Author: St. Louis Public Library
Publisher:
Published: 1919
Total Pages: 698
ISBN-13:
DOWNLOAD EBOOK"Teachers' bulletin", vol. 4- issued as part of v. 23, no. 9-
Author: John L. (John Lloyd) Balderston
Publisher: Hardpress Publishing
Published: 2012-08-01
Total Pages: 122
ISBN-13: 9781290844086
DOWNLOAD EBOOKUnlike some other reproductions of classic texts (1) We have not used OCR(Optical Character Recognition), as this leads to bad quality books with introduced typos. (2) In books where there are images such as portraits, maps, sketches etc We have endeavoured to keep the quality of these images, so they represent accurately the original artefact. Although occasionally there may be certain imperfections with these old texts, we feel they deserve to be made available for future generations to enjoy.
Author: Jerome Loving
Publisher: Univ of California Press
Published: 2005-03-01
Total Pages: 558
ISBN-13: 9780520929111
DOWNLOAD EBOOKWhen Theodore Dreiser first published Sister Carrie in 1900 it was suppressed for its seamy plot, colloquial language, and immorality—for, as one reviewer put it, its depiction of "the godless side of American life." It was a side of life experienced firsthand by Dreiser, whose own circumstances often paralleled those of his characters in the turbulent, turn-of-the-century era of immigrants, black lynchings, ruthless industrialists, violent labor movements, and the New Woman. This masterful critical biography, the first on Dreiser in more than half a century, is the only study to fully weave Dreiser's literary achievement into the context of his life.

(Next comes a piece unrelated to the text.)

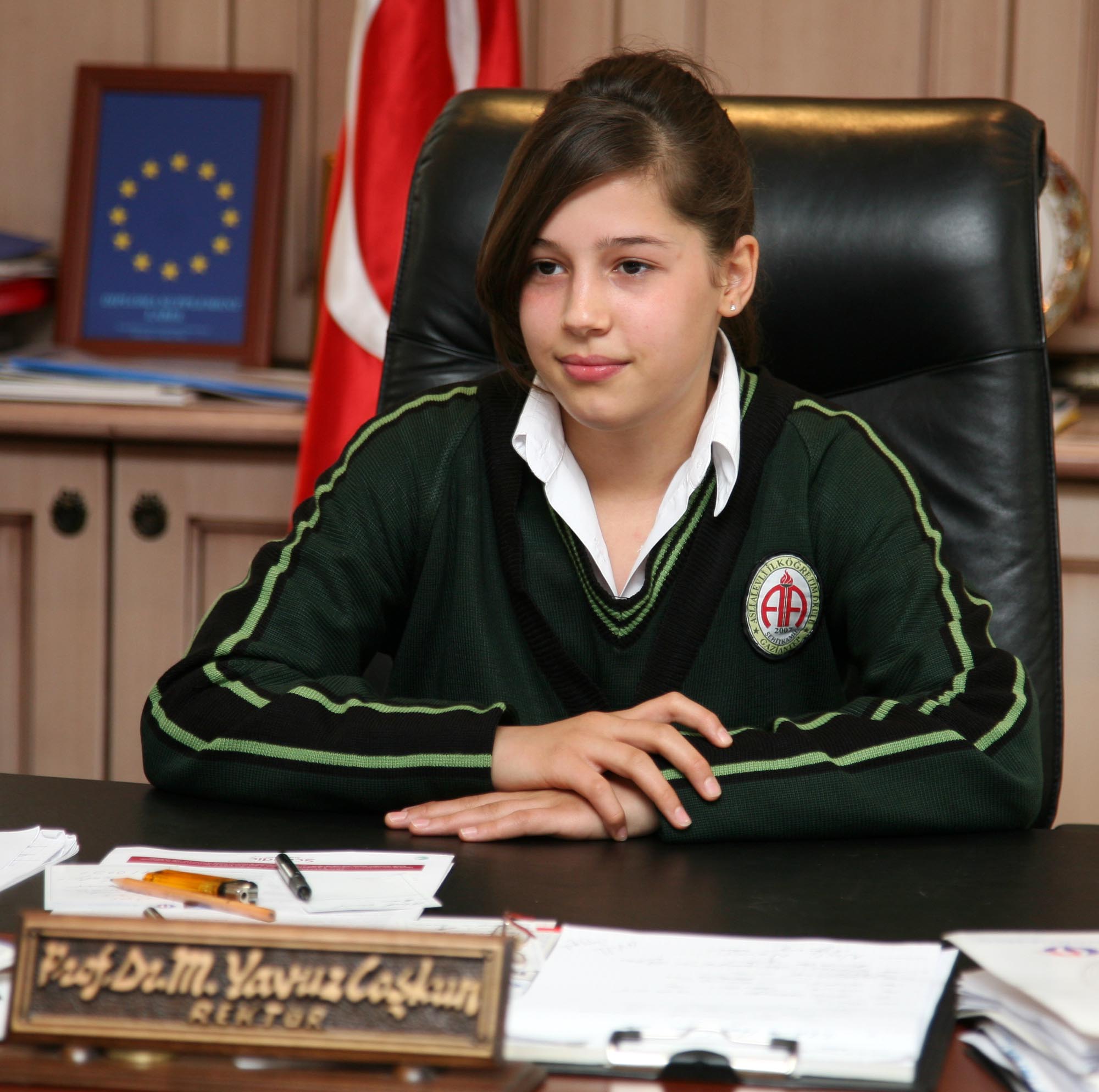 Rektör Prof. Dr. M. Yavuz Coşkun’un makamına oturan 8. sınıf öğrencisi Esma Kamburoğlu, ülkemizde 11 bayan rektörün görev yaptığını belirterek, gelecekte daha fazla bayan rektörün üniversite yönetiminde görev alması gerektiğini söyledi.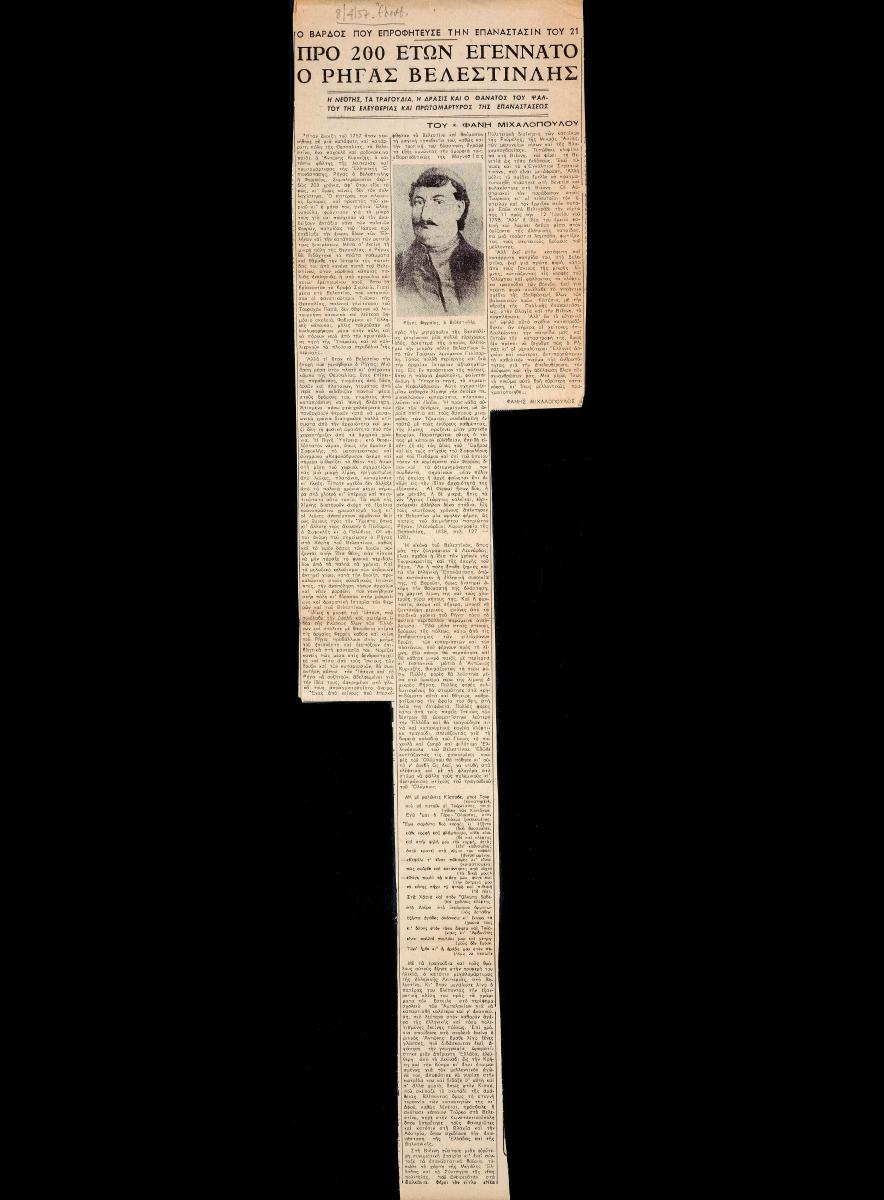 A clipping from the newspaper “Eleftheria”, dated April 8, 1957, featuring an article about Rigas Velestinlis (Feraios) on the occasion of the 200th anniversary of his birth. The article provides information about his place of origin, his childhood, his time in Vienna, and his return to his homeland, where he actively participated in the Greek liberation struggle against the Turks.

Jerome Loving gives us a Dreiser for a new generation in a brilliant evocation of a writer who boldly swept away Victorian timidity to open the twentieth century in American literature. Dreiser was a controversial figure in his time, not only because of his literary efforts, which included publication of the brutal and heartbreaking An American Tragedy in 1925, but also because of his personal life, which featured numerous sexual liaisons, included membership in the communist party, merited a 180-page FBI file, and ended in Hollywood. The Last Titan paints a full portrait of the mature Dreiser between the two world wars—through the roaring twenties, the stock market crash, and the Depression—and describes his contact with important figures from Emma Goldman and H.L. Mencken to two presidents Roosevelt. Tracing Dreiser's literary roots in Hawthorne, Emerson, Thoreau, and especially Whitman, Loving has written what will surely become the standard biography of one of America's best novelists.